▶ _Provided records_:
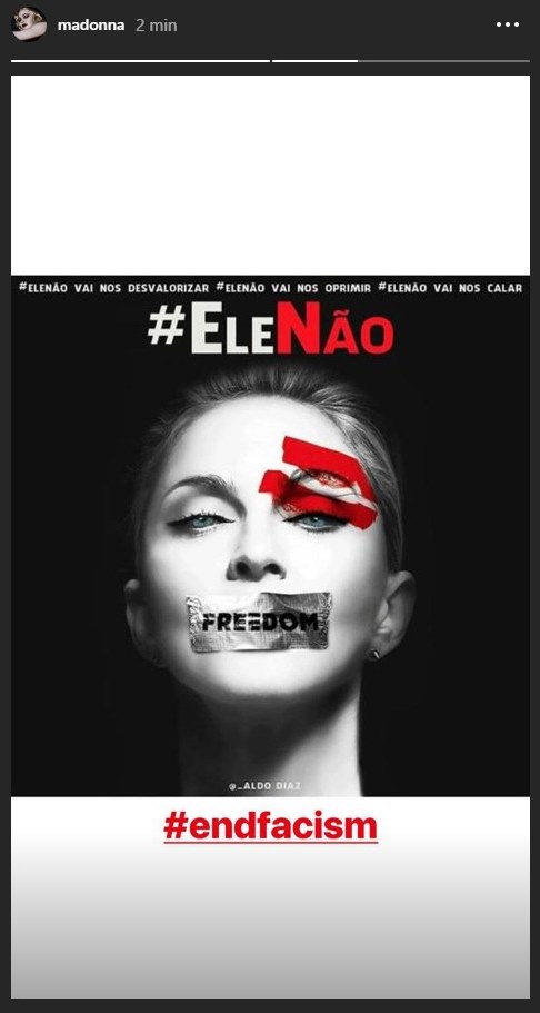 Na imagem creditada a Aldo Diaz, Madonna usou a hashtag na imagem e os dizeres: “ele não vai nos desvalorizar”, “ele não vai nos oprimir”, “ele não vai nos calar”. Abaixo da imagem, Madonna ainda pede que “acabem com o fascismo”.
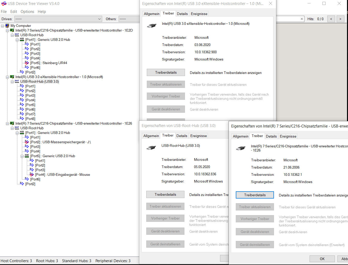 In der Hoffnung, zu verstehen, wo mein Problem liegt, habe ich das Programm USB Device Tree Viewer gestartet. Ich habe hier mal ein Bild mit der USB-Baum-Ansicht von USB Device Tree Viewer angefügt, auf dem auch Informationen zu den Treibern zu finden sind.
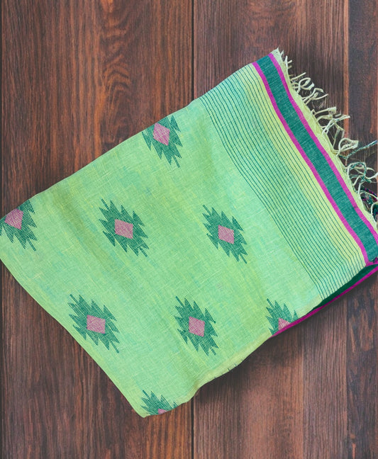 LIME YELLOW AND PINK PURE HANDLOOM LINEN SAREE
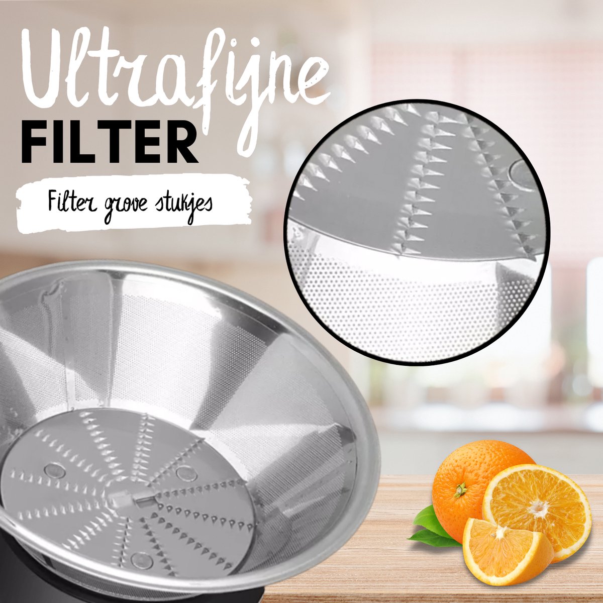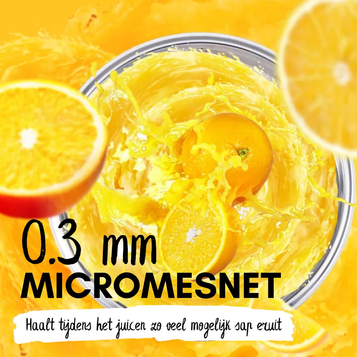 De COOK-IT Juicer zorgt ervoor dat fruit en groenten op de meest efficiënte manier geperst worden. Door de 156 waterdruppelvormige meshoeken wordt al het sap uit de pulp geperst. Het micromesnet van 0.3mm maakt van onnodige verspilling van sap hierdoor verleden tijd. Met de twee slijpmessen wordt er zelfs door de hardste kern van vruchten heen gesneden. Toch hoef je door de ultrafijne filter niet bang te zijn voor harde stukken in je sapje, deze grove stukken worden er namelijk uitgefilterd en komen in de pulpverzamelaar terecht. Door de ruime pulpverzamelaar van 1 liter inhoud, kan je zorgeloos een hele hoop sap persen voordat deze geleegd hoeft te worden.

==

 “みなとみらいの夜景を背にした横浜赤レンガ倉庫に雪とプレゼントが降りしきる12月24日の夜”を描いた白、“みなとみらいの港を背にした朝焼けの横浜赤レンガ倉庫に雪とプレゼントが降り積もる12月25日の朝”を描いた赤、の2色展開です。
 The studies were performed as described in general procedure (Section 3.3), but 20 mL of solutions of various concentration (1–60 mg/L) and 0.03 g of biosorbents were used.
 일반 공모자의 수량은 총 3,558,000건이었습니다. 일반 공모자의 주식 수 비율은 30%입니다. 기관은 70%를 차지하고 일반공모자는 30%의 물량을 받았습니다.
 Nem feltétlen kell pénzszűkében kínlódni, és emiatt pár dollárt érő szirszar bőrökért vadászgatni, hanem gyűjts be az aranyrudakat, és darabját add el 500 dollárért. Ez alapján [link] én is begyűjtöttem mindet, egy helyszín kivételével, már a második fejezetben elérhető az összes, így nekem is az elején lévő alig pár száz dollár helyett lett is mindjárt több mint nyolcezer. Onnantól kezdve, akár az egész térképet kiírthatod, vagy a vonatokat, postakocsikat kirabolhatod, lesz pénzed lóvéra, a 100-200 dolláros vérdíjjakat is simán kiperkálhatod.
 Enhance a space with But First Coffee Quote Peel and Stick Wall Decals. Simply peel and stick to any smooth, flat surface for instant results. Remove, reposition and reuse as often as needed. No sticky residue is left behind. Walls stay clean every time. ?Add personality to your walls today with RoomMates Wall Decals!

▶ _Exercise details_:
Copy needed, without pictures: the lines of the listing above from the line containing "LIME YELLOW AND" up to and including the line containing "De COOK-IT Juicer", set down exactly.

▶ _Finished task_:
 LIME YELLOW AND PINK PURE HANDLOOM LINEN SAREE
 De COOK-IT Juicer zorgt ervoor dat fruit en groenten op de meest efficiënte manier geperst worden. Door de 156 waterdruppelvormige meshoeken wordt al het sap uit de pulp geperst. Het micromesnet van 0.3mm maakt van onnodige verspilling van sap hierdoor verleden tijd. Met de twee slijpmessen wordt er zelfs door de hardste kern van vruchten heen gesneden. Toch hoef je door de ultrafijne filter niet bang te zijn voor harde stukken in je sapje, deze grove stukken worden er namelijk uitgefilterd en komen in de pulpverzamelaar terecht. Door de ruime pulpverzamelaar van 1 liter inhoud, kan je zorgeloos een hele hoop sap persen voordat deze geleegd hoeft te worden.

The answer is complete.